Thanks for the response.

So we can configure Active Passive HA in Transparent mode right ?

We might have needed 4 inline Pair to inspect different networks.(Include DMZ , Inside,DC traffic )

Can we have 3 inline pair with Bypass mode and 1 inline pair without bypass (Fail-to-wire) in a same NGIPS 4110.

Because we have only 6-port Bypass (Fail-to-wire) in Devices

Marvin Rhoads · ‎01-18-2020

You can configure a Firepower 4110 with FTD logical device in transparent mode and High Availability (HA) pair.

If you use two network modules, one can be FPR4K-NM-8X1G-F or FPR9K-NM-6X10SR-F or FPR9K-NM-6X10LR-F (fail-to-wire / hardware bypass) and the other one can be FPR4K-NM-8X10G (or use the built-in 1 Gbps copper ports).

See the configuration guide for more details on inline sets and hardware bypass module operations.

https://www.cisco.com/c/en/us/td/docs/security/firepower/650/configuration/guide/fpmc-config-guide-v65/inline_sets_and_passive_interfaces_for_firepower_threat_defense.html#id_19616

https://www.cisco.com/c/en/us/td/docs/security/firepower/650/configuration/guide/fpmc-config-guide-v65/inline_sets_and_passive_interfaces_for_firepower_threat_defense.html

JALALUDDEEN A A · ‎01-19-2020

Hi @Marvin Rhoads ,

Thanks for the response,

can we use both FPR4K-NM-8X1G-F & FPR9K-NM-6X10SR-F module inorder to get total 7(4+3) Pair inline set (Fail to fire right ) and built in 8*10 G for Management and HA connection ?

One more clarification :

If one of the interface is down in Fail-to-wire - Will ngips trigger HA and traffic will go through second NGIPS right ?

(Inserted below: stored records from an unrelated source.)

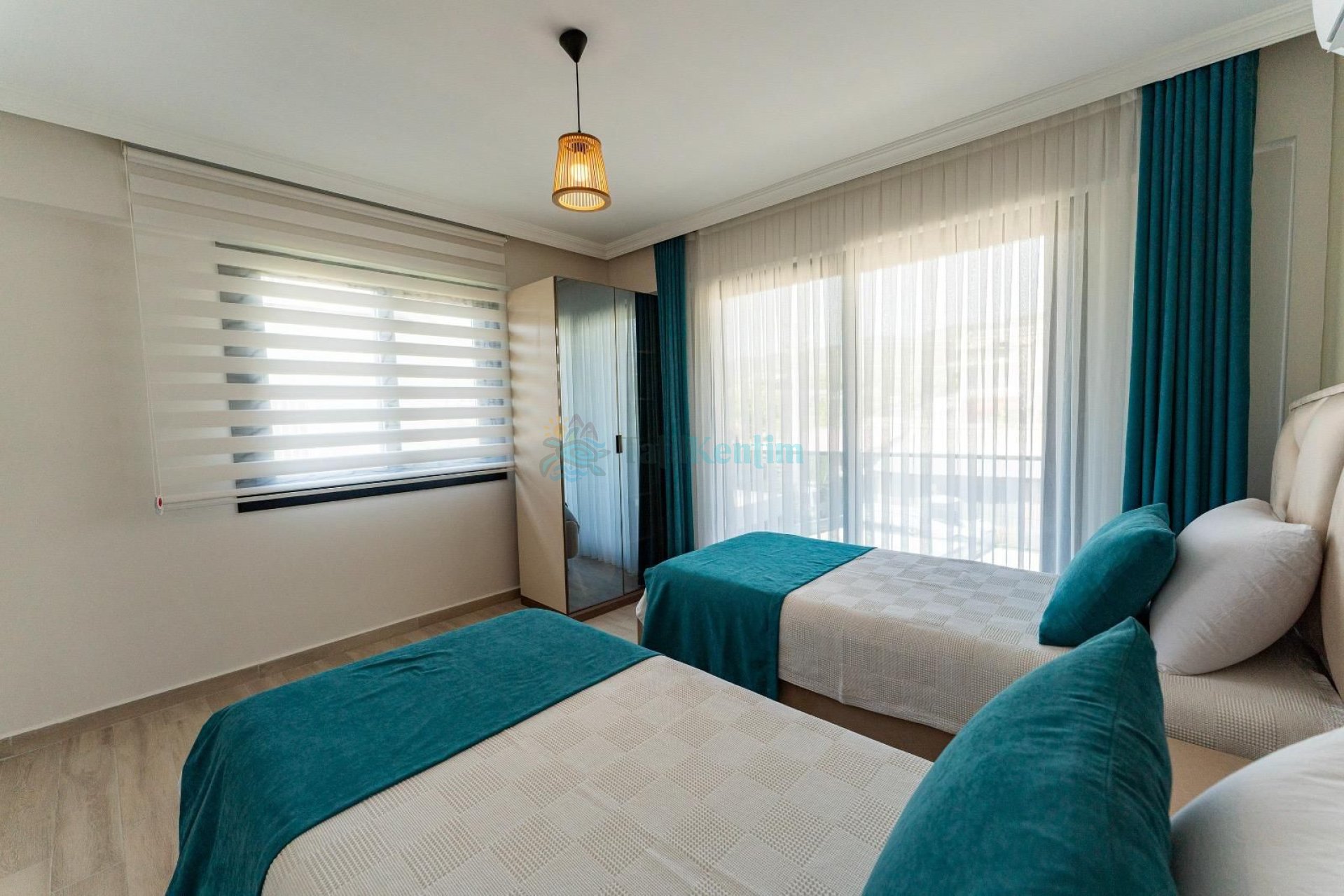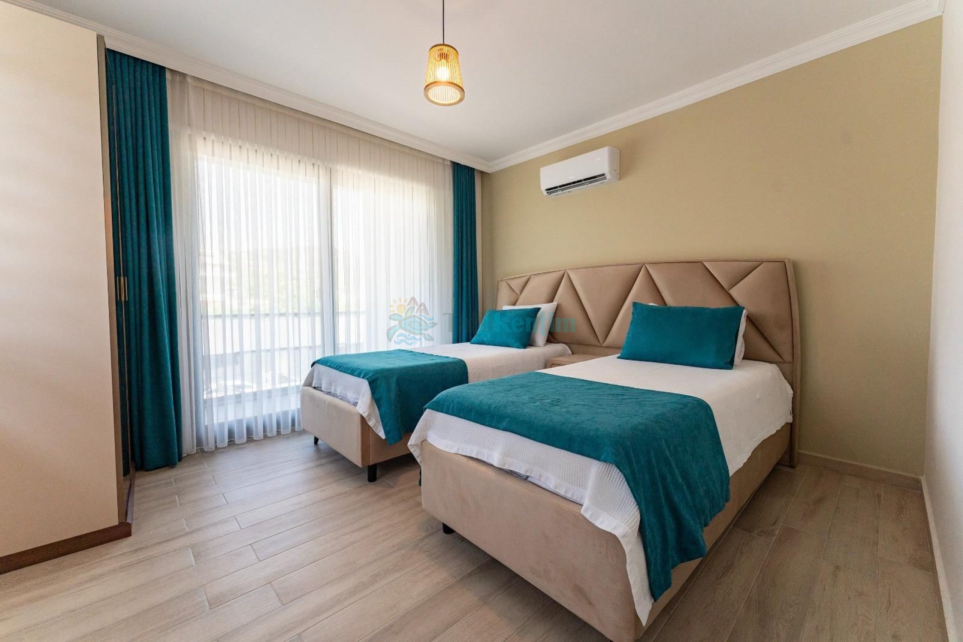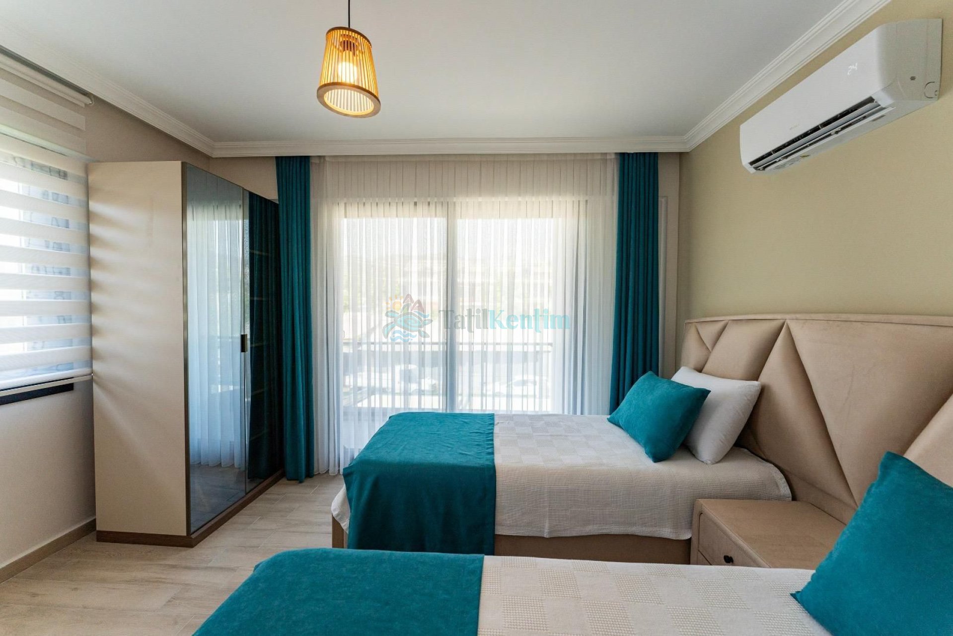 Yatak odası içerisinde, 2 adet tek kişilik yatak, klima, elbise dolabı, bebek yatağı, komodin yer almaktadır.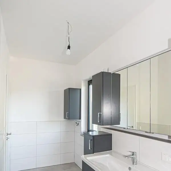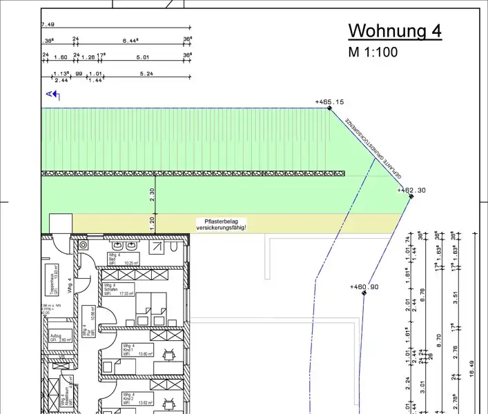 By fall 2023, six new condominiums will be built to the KfW 55 EE standard in Bad Kötzting's absolute best location in the coveted residential area "Am Schinderbuckel", some with unobstructed views. Construction is now well advanced; arrange a viewing appointment with us and see for yourself on site. The architecture is modern, bright and friendly. Appealing color schemes and clear shapes, high-quality materials in combination with clear lines and a lovingly thought-out, exclusive room layout create a unique living feeling. The approx. 115 m² 4-room apartment on the first floor can be reached at ground level directly from the building entrance via the staircase. The apartment has the following rooms: Daylight bathroom with shower and toilet, 3 bedrooms, storage room and the bright, light-flooded living / dining and cooking area. Impressive is the balcony with a wonderful panoramic view, which rounds off the entire living concept. If desired, a fireplace or pellet stove can also be installed; a centrally located chimney is already available. All living units are equipped with underfloor heating. From a pre-selected assortment, the materials for the interior finishing (tiles, parquet or vinyl flooring, interior doors and sanitary objects) can still be individually sampled according to your ideas. For shading, electrically operated Venetian blinds will be installed. The sanitary objects are purchased from well-known manufacturers such as Grohe or Geberit. The heat is generated energy-efficiently via an air/heat pump. In the entire residential complex, great importance is attached to energy-saving construction methods. Examples include the aluminum windows with triple thermal insulation glazing, the solid brick construction (stone on stone) and the decentralized ventilation of the living space. The purchase price already includes an outdoor parking space.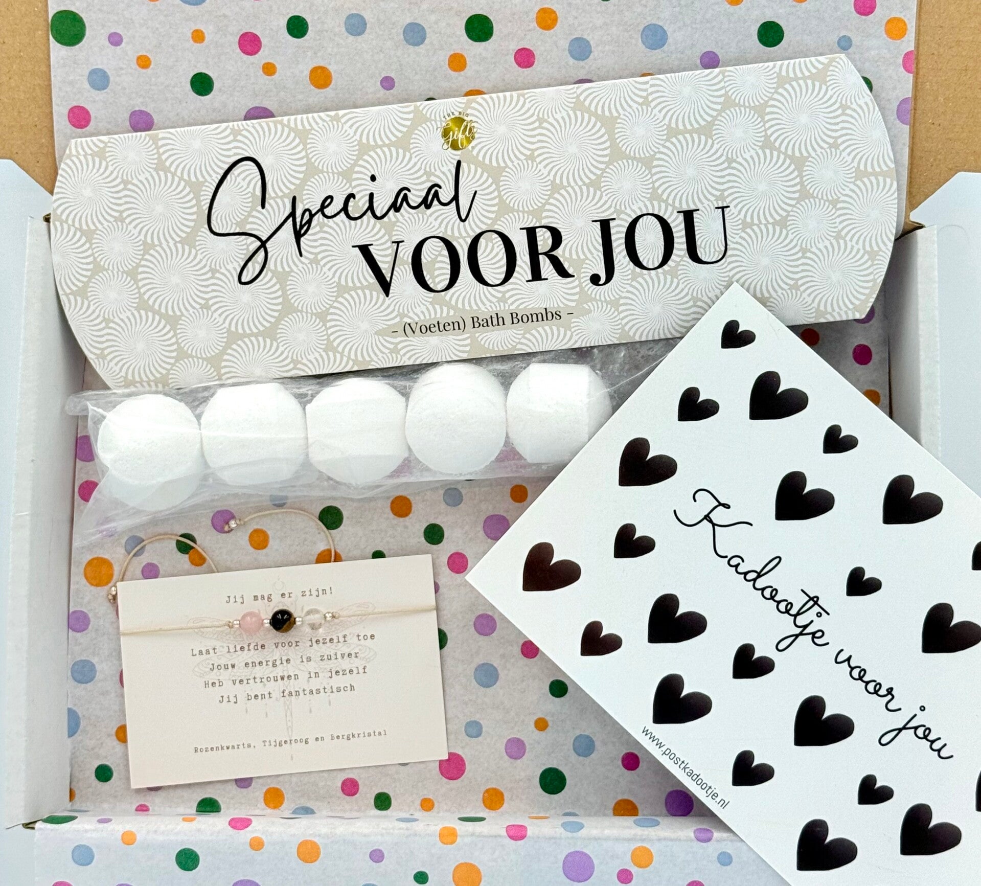 Postkadootje Speciaal voor jou | Bath bombs speciaal voor jou gondeldoosje | Verstelbaar armbandje jij mag er zijn met edelstenen | Kaartje naar keuze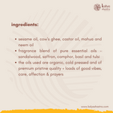 this oil is carefully, lovingly made with the blend of 5 types of oil that are meant for overall human well-being, evolution, health, happiness, wealth & prosperity. the proportions of oils used is exactly as per the traditional scriptures that are ideal to be used at our home & offices.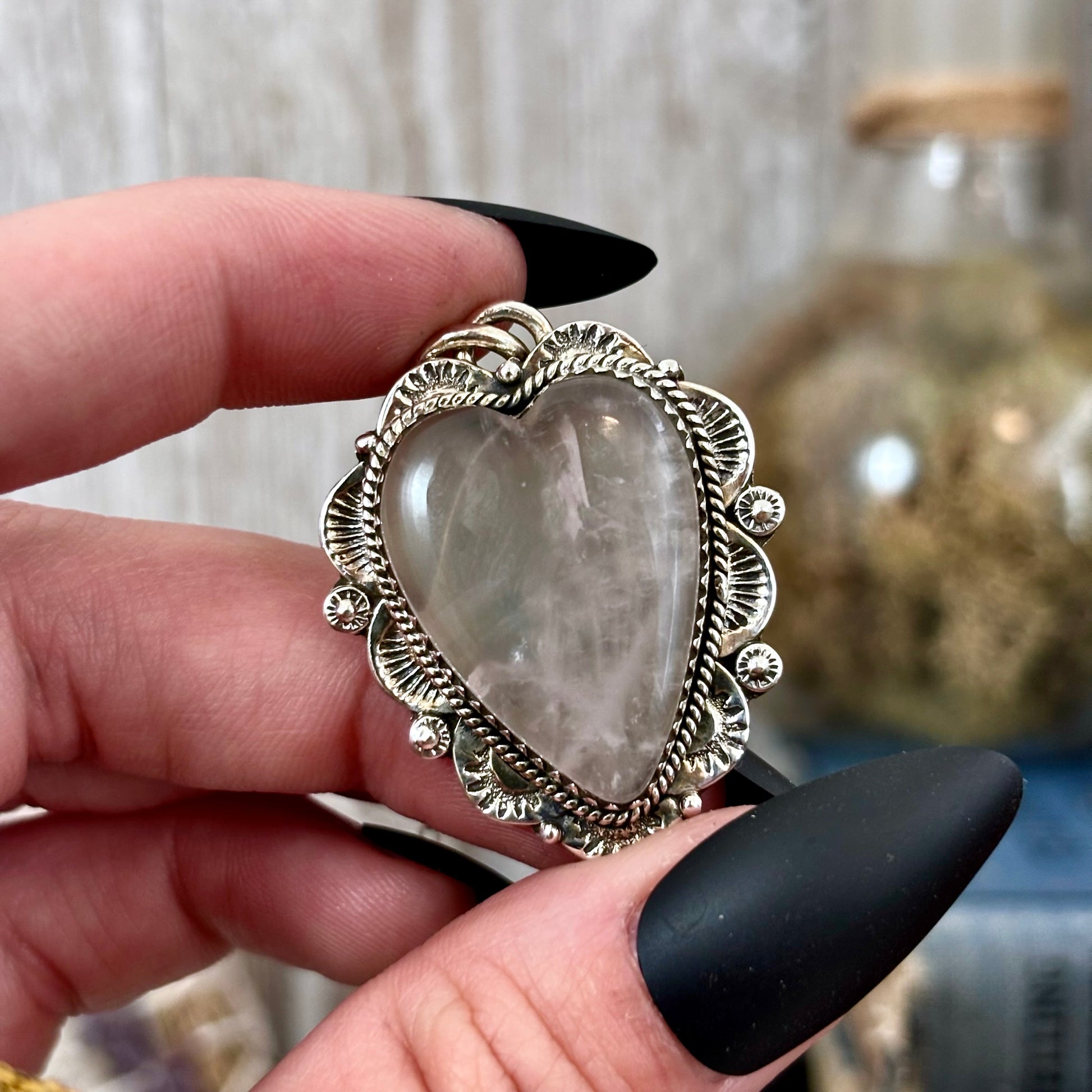Rose Quartz Crystal Heart Necklace in Sterling Silver -Designed by FOXLARK Collection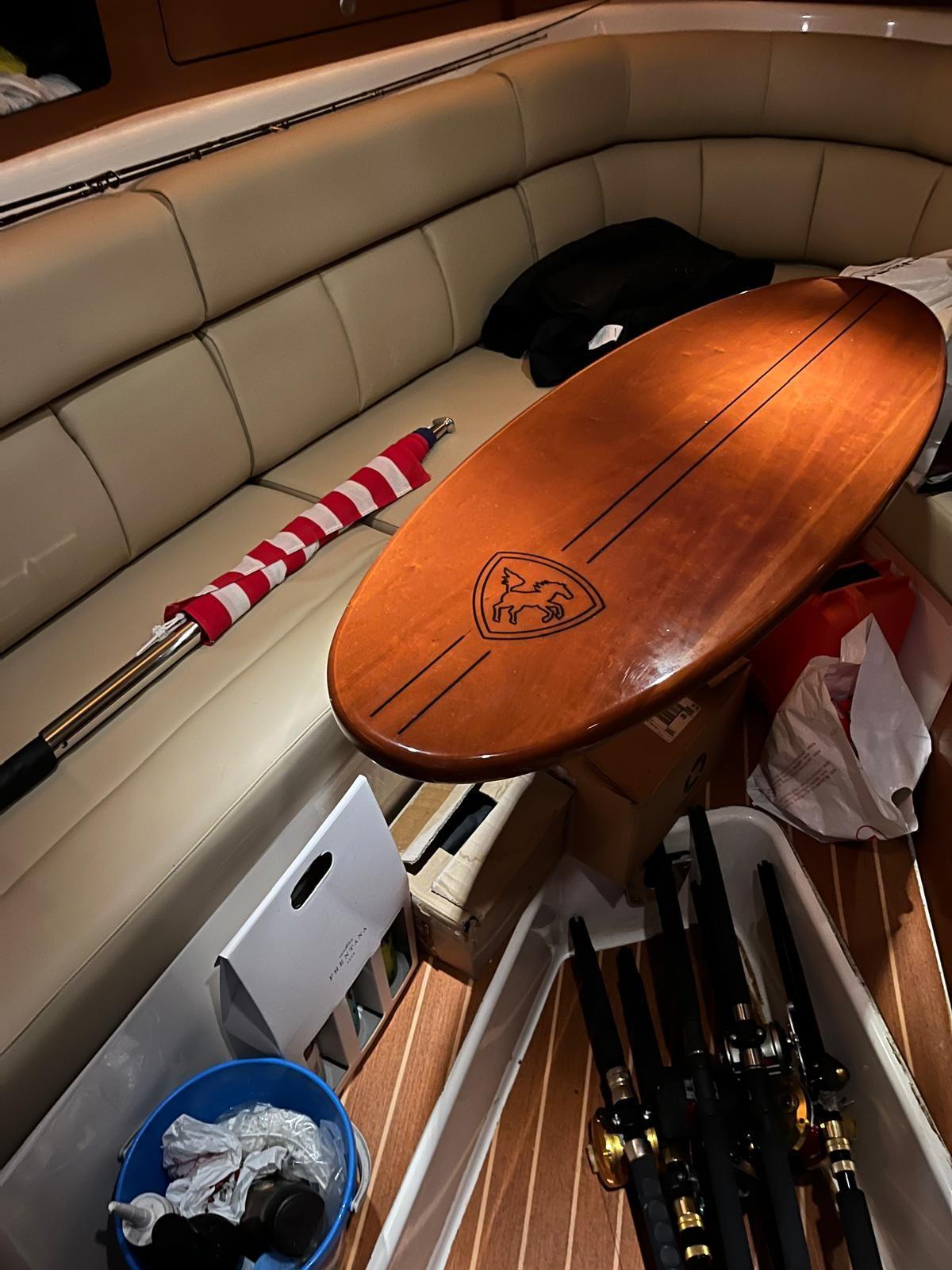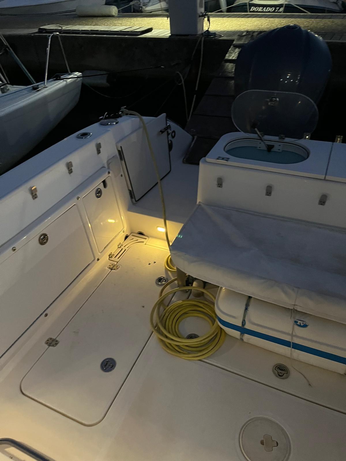 Alarme moteur, Eau sous pression, Couleur spéciale, Douche de cockpit, Lavabo dans le cockpit, Éclairage de courtoisie, Pompe de cale automatique, Prise de quai, Guindeau électrique, Table pliante de salon, Corne.

If one NGIPS is completely down , traffic is still pass through NGIPS with Fail-to-wire with uninspected right ? or will it trigger HA and second NGIPS should take over ?

can you please clarify the HA and fail-to-wire scenario

Marvin Rhoads · ‎01-20-2020

Yes in theory you can use two FTW Netmods as you described and also have the built-in non-FTW interfaces available. It would be a very expensive build though since those netmods are quite expensive. In practice you would probably be oversubscribing the appliance's throughput capability if you have a significant amount of traffic flowing through those multiple interfaces.

If you have an HA pair or cluster failure of an interface will generally trigger failover to the unit without a failed interface (unless you've excluded the interface from monitoring in the HA setup or done something like set a threshold for the number of interface that must go down before triggering failover).

If you had only a single appliance with FTW net mods, failure of the device (including complete power failure) will allow traffic to continue to pass through the FTW interface pairs.